Его слова встревожили меня. Капи, пожалуй, опять заставят красть или делать еще что-нибудь в этом роде. Отец заметил мое волнение и поспешил успокоить меня.

– Капи отличный сторож, – сказал он. – Он будет полезен нам и постережет фуры: в такой толкотне и суматохе того и гляди обкрадут. Ступайте с Богом одни и, если вам придется возвращаться поздно, приходите на постоялый двор «Большой Дуб», где мы переночуем. Я выеду из города с наступлением ночи.

Этот постоялый двор, в котором мы провели прошлую ночь, был на расстоянии мили от города и стоял в поле, в пустынной и мрачной местности. Его держали муж и жена, люди на вид подозрительные и не внушающие доверия. Найти этот постоялый двор даже ночью было нетрудно, дорога была прямая. Неприятно было только то, что нам, усталым после целого дня работы, придется идти целую милю до ночлега.

Но я промолчал. Отец, приказывая что-нибудь, требовал, чтобы ему повиновались без возражений.

На следующее утро я погулял с Капи, накормил и напоил его и привязал к фуре, которую он должен был сторожить. А потом мы с Маттиа отправились на ярмарку.

Мы начали играть тотчас же, как только пришли, и, почти не отдыхая, продолжали играть до самого вечера. Кончики пальцев у меня так болели, словно в них были занозы, а Маттиа столько времени дул в свою трубу, что начал задыхаться. Но нам нельзя было останавливаться: Боб и его товарищи без устали проделывали свои гимнастические фокусы, мы с Маттиа не должны были отставать от них.

Когда наступил вечер, я думал, что нам можно будет наконец отдохнуть. Но оказалось, что нужно еще зайти в сложенный из досок кабачок и дать представление там.

В этом кабачке мы пробыли почти до часу ночи.

Я и Маттиа страшно устали, а наши товарищи, которым приходилось все время быть в движении, совсем выбились из сил. Под конец они вбили в землю шест, собираясь проделывать на нем какие-то новые штуки. Но шест упал и придавил ногу Маттиа. Он громко вскрикнул от боли. Думая, что у него раздроблена нога, я и Боб бросились к нему. К счастью, рана оказалась несерьезной, кости остались целы. Однако идти Маттиа все-таки не мог.

Что нам было делать?

Я решил оставить Маттиа ночевать в фургоне Боба, а сам намеревался пойти в «Большой Дуб». Нужно же мне было узнать, куда поедет утром отец.

– Не уходи, – упрашивал меня Маттиа. – Завтра мы пойдем вместе.

– А если мы никого не найдем в «Большом Дубе»?

– Тем лучше, мы будем свободны.

– Тогда я расстанусь со своей семьей, – возразил я. – К тому же отец нас все равно найдет.
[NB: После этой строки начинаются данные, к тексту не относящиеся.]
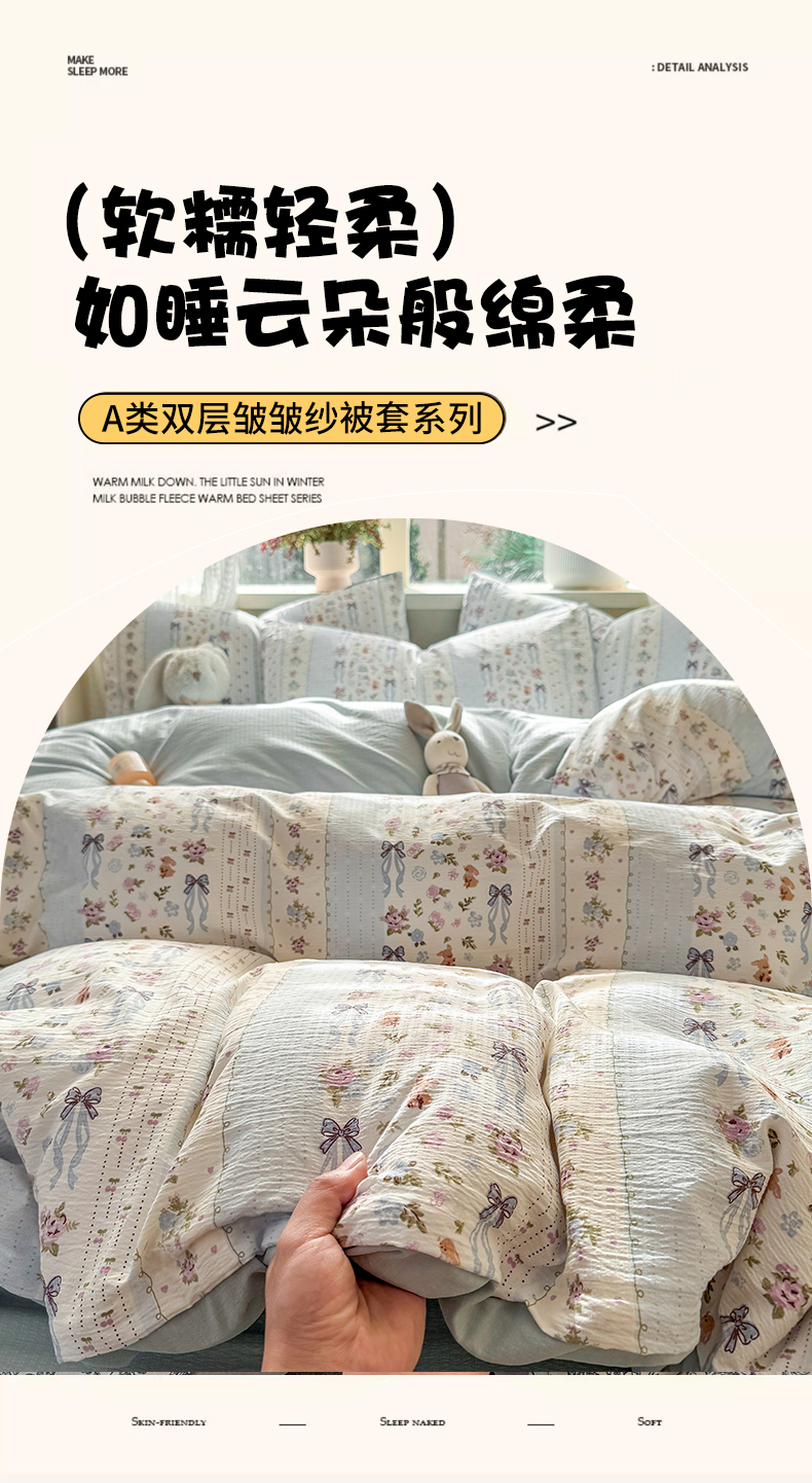 (总)丽美人家纺 2026新款双层皱皱纱大豆夹棉床笠单床笠床笠单件,JM花开漫漫,JM贝拉,JM布兰卡,JM粉格猫咪,JM格仔萌宠,JM可爱小狗,JM腊肠狗,JM乐园,JM玛丽,JM时光,JM月境骑踪,JM紫雾叶兔
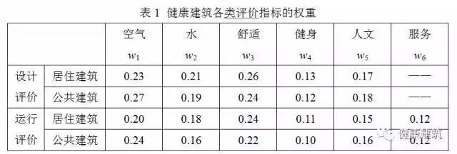 第3.2.7条规定了《标准》中各评价指标的权重。《标准》在各指标权重研究中,以“抓主因、顾次因”的原则充分考虑了不同类型的民用建筑的健康影响因素,并按照民用建筑的分类,建立了居住建筑和公共建筑指标权重的调研问卷,采用问卷调查、层次分析、专家咨询、项目试评等多途径结合的方式,建立了健康建筑各类评价指标的权重,见表1。
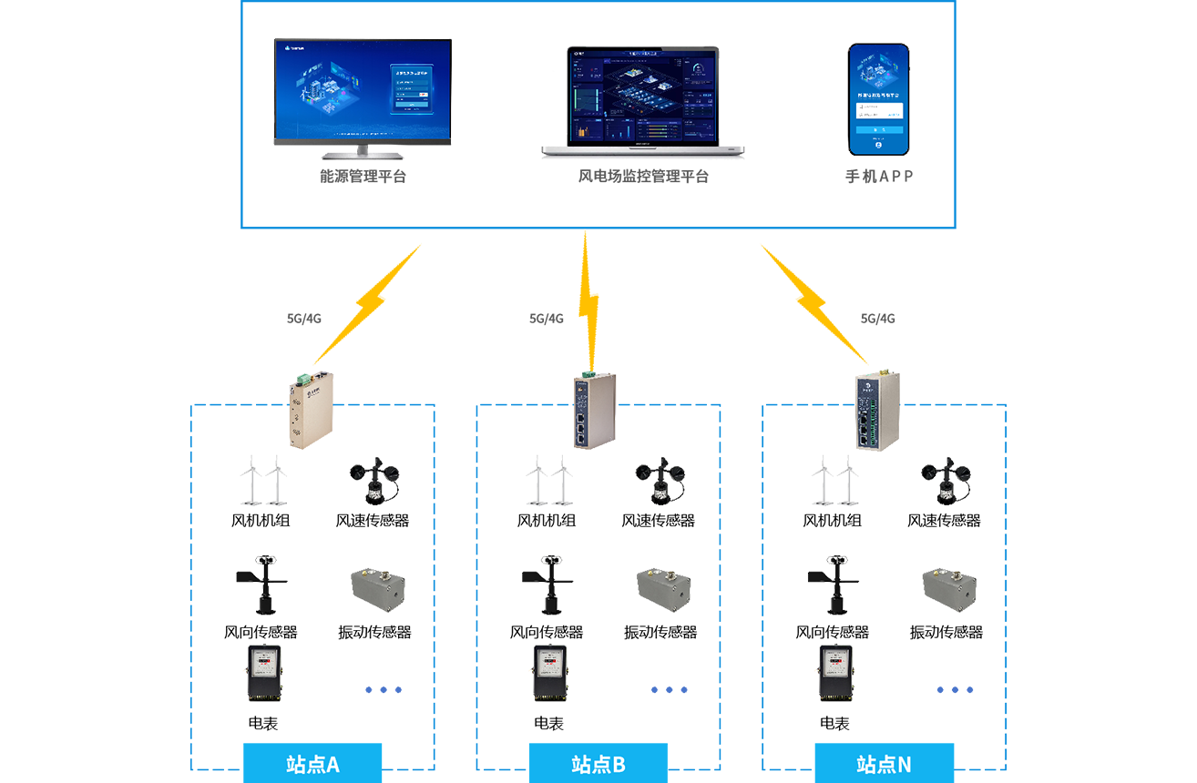 顺利获得777盛世国际的工业智能网关采集风力发电场的每台风机和风速传感器、风向传感器、振动传感器等设备,将采集到的风机运行数据(如转速、功率、温度等)传输至风电场监控管理平台。平台对数据进行实时分析,监测风机运行状态,当检测到故障或异常时及时发出预警,并给予故障诊断和维修建议。同时支持远程控制风机启停、调整参数等操作,以及优化发电调度。
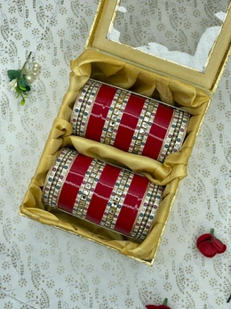 Very stunning desgn made with square kundan kangans surrounded by traditional white dots bangles and same bangles also on the sides with pearl bangle between them and all are combined with traditional blood red colored bangles
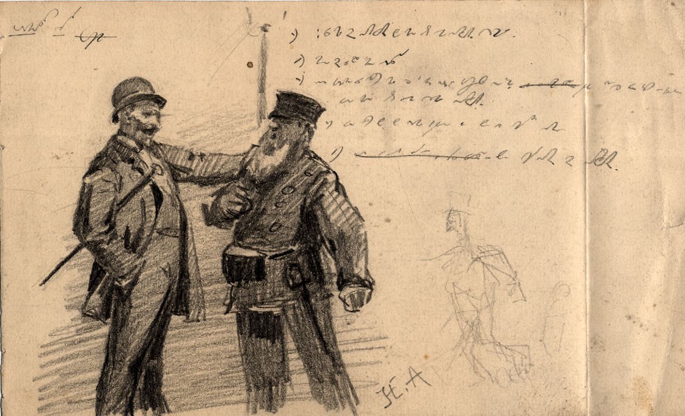 Heyer Arthur (1872-1931) Heyer Arthur (1872-1931): Sétapálcás polgár és veterán katona. Ceruza, papír. Jelzett.
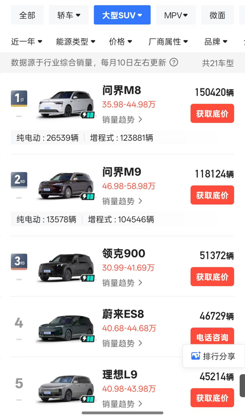 2025年,是大型SUV市场的爆发元年,此前该级别的可选车型非常少,2024年全年销量超过1万辆的只有问界M9和理想L9两款车。而2025年的大型SUV销量榜中,Top 10车型累计销量全部超过1万辆,其中问界M8和M9销量均超10万辆,M8超越M9拿下细分市场销冠。
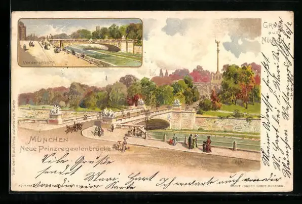 Lithographie München, Neue Prinzregentenbrücke, Vorderansicht
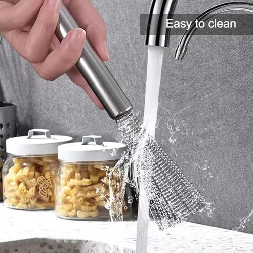 - 【مواد عالية الجودة】: فرشاة الأواني المصنوعة من الستانلس ستيل مصنوعة من الستانلس ستيل عالي الجودة. إنه قوي ومتين ومقاوم للصدأ وليس من السهل إتلافه. مناسبة للاستخدام طويل الأمد في المطبخ دون القلق بشأن مشاكل الجودة!
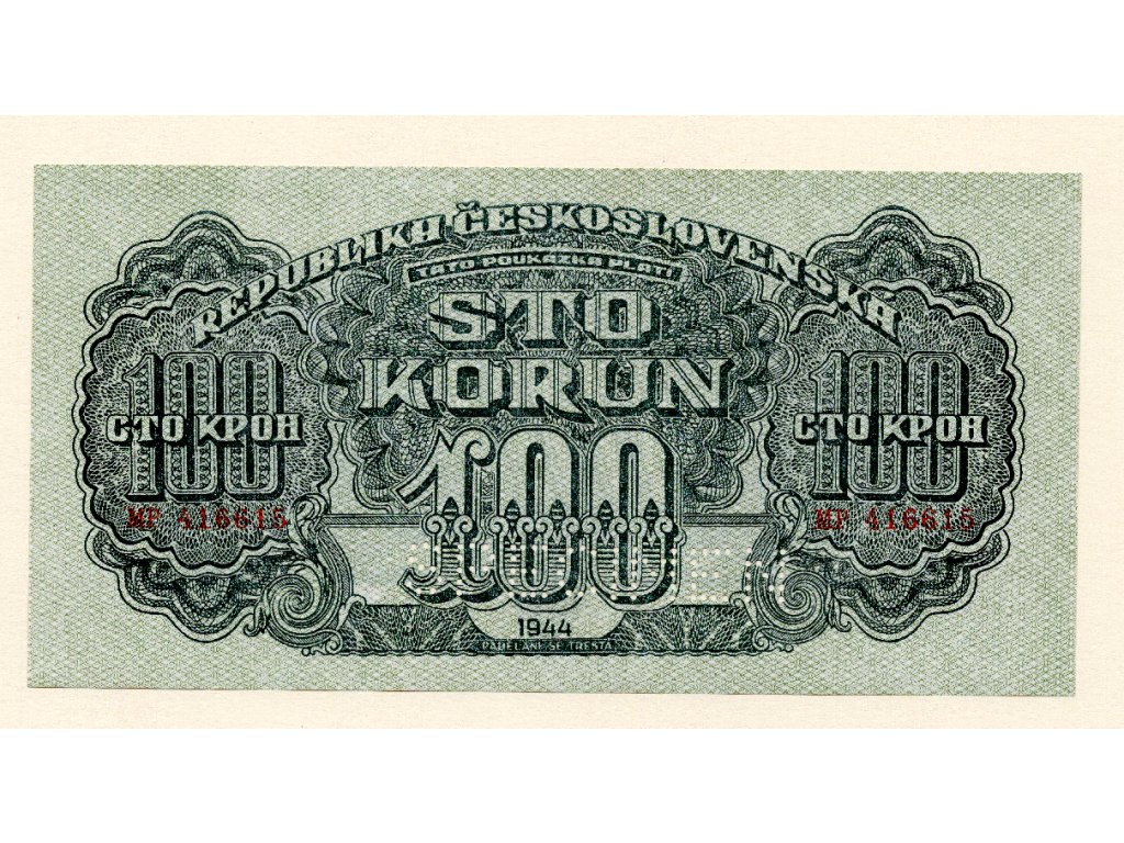 Československo – 100 korun 1944 S. MP, perforace „SPECIMEN“
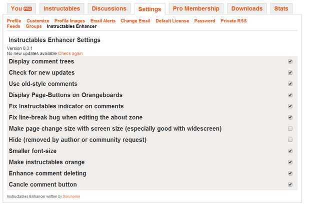 Primero hay una nueva opción en configuración, con la etiqueta 'Potenciador de Instructables'. Golpear y verás las opciones. Además también muestra que la versión actual y si se pueden actualizar.
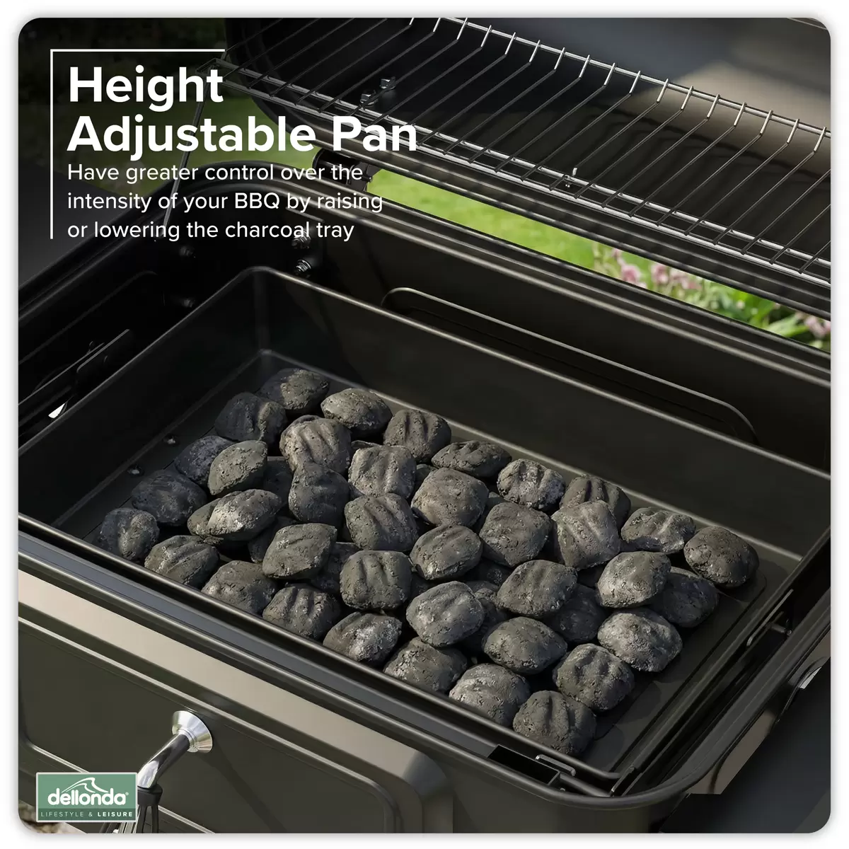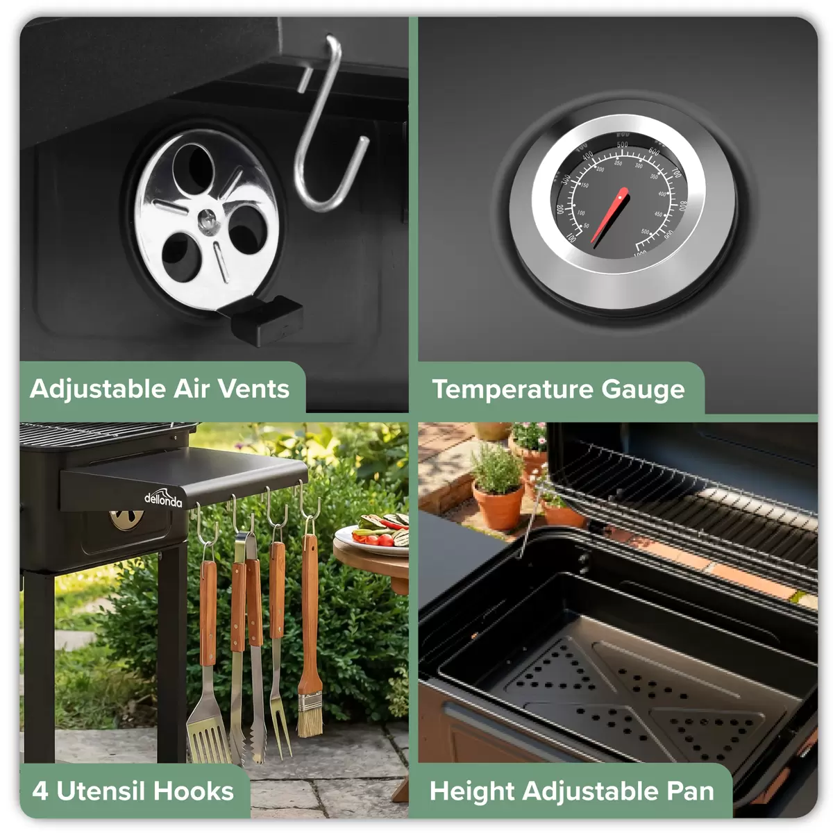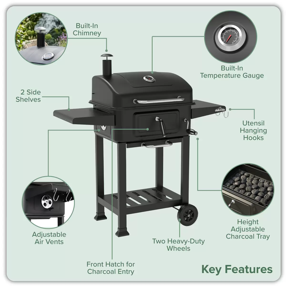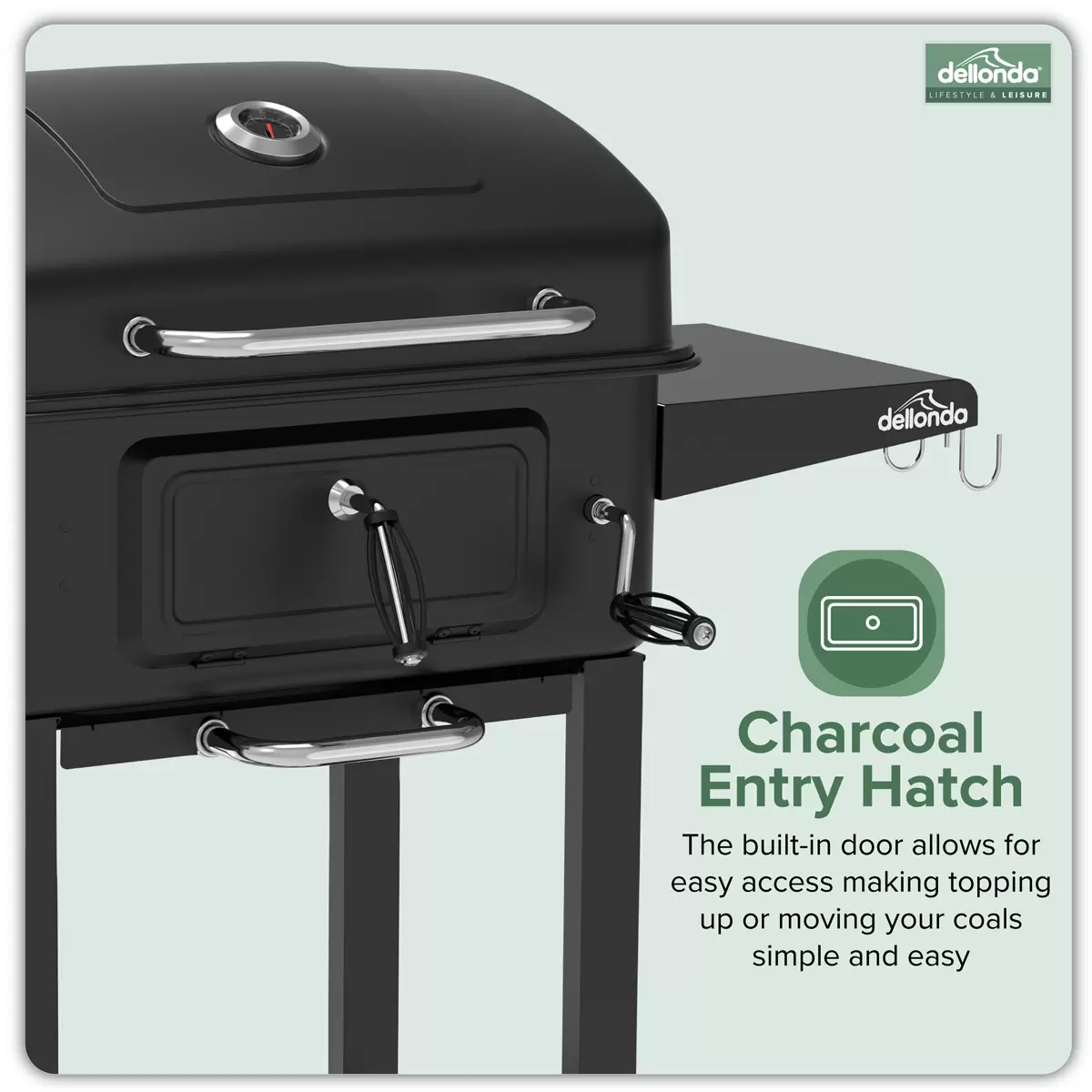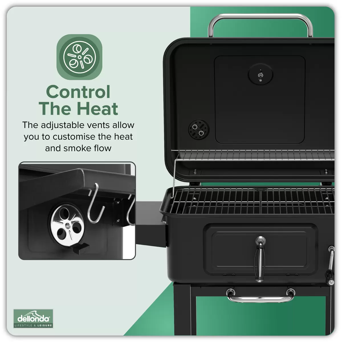 Dellonda - DG283 - Dellonda Charcoal Grill BBQ Smoker and Trolley with 2 Side Shelves - Black
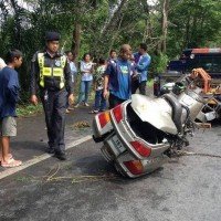 pp Chumphon. Am Freitag wurde ein 52-jährige Motorradfahrer einer schweren Honda Goldwing und seine 49 Jahre alte Beifahrerin auf der Fahrt zum Goldwing Cup in Udon Thani von einem starken Regen überrascht. Auf der Regennassen Asien Straße 41 im Bezirk Lamae verlor Herr Boonsong die Kontrolle über seine eine Millionen Baht teure Maschine und prallte gegen einen Baum.
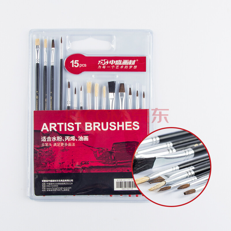 商品相册:中盛画材水粉画笔套装丙烯油画水彩颜料画笔排笔色彩笔勾线笔15支套装速写马克笔绘画第
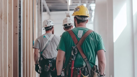 Sunlit construction team diligently working atop a scaffold, emphasizing the importance of safety gear in urban settings.
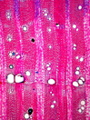 Morphology tree 4 m Ecology arid zones, salt tolerant Chorology Africa, middle East Xylem Distinct rings, ring porous, vessels solitary and in groups, simple perforations, intervessel pits round, fibers thin to thick-walled, paratracheal and marginal parenchyma, ray width >10 cells, homocellular with procumbent cells. Storied parenchyma and fibers and vessels, with few prismatic crystals in rays. Xylem-Code Phloem Sieve cells between parenchyma cells. They are compressed in older rings. Half-moon-like groups of sclerenchyma, arranged in tangential direction in the phloem. Rays sclerotisised with annual? gaps. Crystals absent. Phellogen gets active after two years. Explanations For explanations please see the Feature Characteristics. | Cross section Tangential section Bark | |
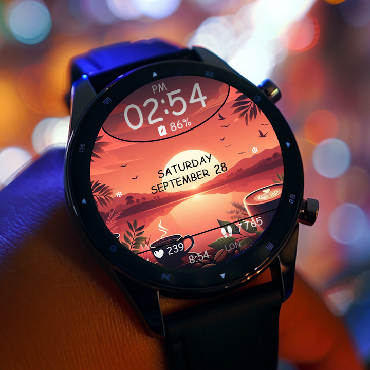 Key WF44 is a Digital Watch Face with Coffee Sunset Design for Wear OS
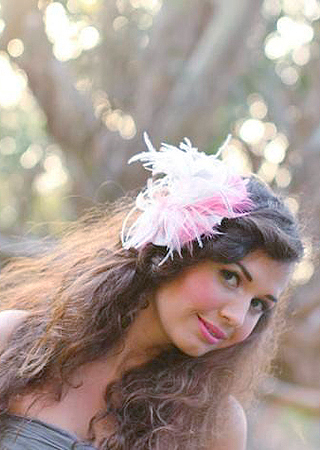 粉紅色羽毛頭飾,帶著可愛與俏皮,是可愛型新娘的首選
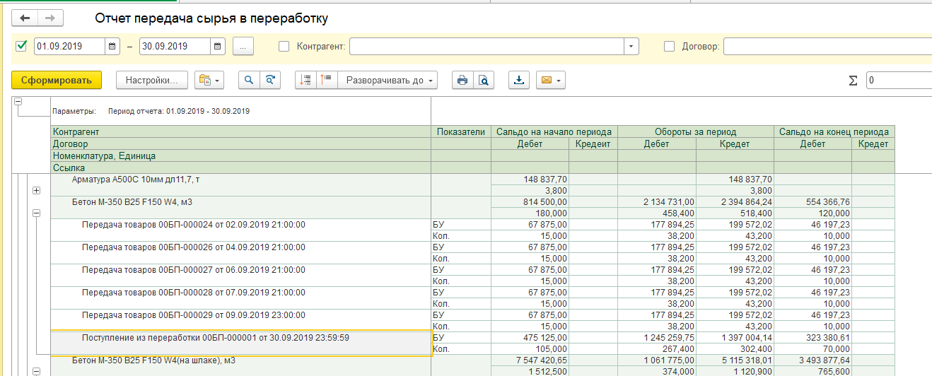 По счету 10.07 аналитика Контрагенты/Номенклатура. Нужен отчет, который бы показывал остатки и обороты как ОСВ плюс детализация по документам движения за период. Скачал походящий отчет на инфостарте, но в нем неправильно показывается информация по документам движения - оборот по Контрагенту/Номенклатуре проставляется в каждую строку документа движения и всё это суммируется в итог. Также не все документы попадают в отчет.

Да и как ты пойдешь с больной ногой?

– Ну, хорошо, только все-таки пойдем завтра. Не уходи сегодня, я боюсь.

– Чего?

– Сам не знаю. Я боюсь за тебя.

– Полно, Маттиа. Завтра я вернусь к тебе.

– А если тебя не пустят?

– Я оставлю тебе арфу. Уж за ней-то меня заставят вернуться.

С этими словами, не чувствуя ни малейшего страха, я отправился на постоялый двор. Но на душе у меня было неспокойно. В первый раз пришлось мне идти ночью совсем одному, без Маттиа и без Капи. И ночные звуки тревожили меня, бледная луна наводила тоску.

Несмотря на утомление, я быстро дошел до постоялого двора; но наших фур нигде не было видно.

Обходя вокруг дома, я увидел в одном из окон свет. Так как спали, очевидно, не все, я постучал в дверь. Хозяин «Большого Дуба» отворил мне и поднес фонарь к моему лицу. Я видел, что он узнал меня, но вместо того чтобы пропустить меня в дверь, он поставил фонарь позади себя и огляделся вокруг, внимательно прислушиваясь.

– Ваши фуры уехали, – сказал он. – Твой отец велел тебе идти к нему в Луис, прямо сейчас, ночью. Счастливого пути!

И, не прибавив больше ни слова, он захлопнул у меня перед носом дверь.

Где этот Луис, я не имел ни малейшего понятия и идти туда ночью, конечно, не мог. Делать нечего, несмотря на усталость, мне пришлось возвращаться назад к Маттиа.

Я снова пустился в путь и только часа через полтора лег наконец на солому в фургоне Боба и вкратце рассказал Маттиа о том, что произошло. А затем заснул, как убитый.

Несколько часов сна подкрепили меня, и, встав утром, я готов был снова пуститься в путь. Нужно было поскорее отправиться в Луис, если только Маттиа, который еще спал, будет в состоянии идти.

Боб уже встал и разводил костер. Поздоровавшись, я стал помогать ему. Через некоторое время мы увидели, что к нам идет полицейский, ведя на веревке поникшего Капи.

Я с удивлением смотрел на них, не понимая, что это значит. Но Капи, увидев меня, так сильно дернул веревку, что она выскользнула из руки полицейского, бросился ко мне, встал на задние лапы и положил передние мне на грудь.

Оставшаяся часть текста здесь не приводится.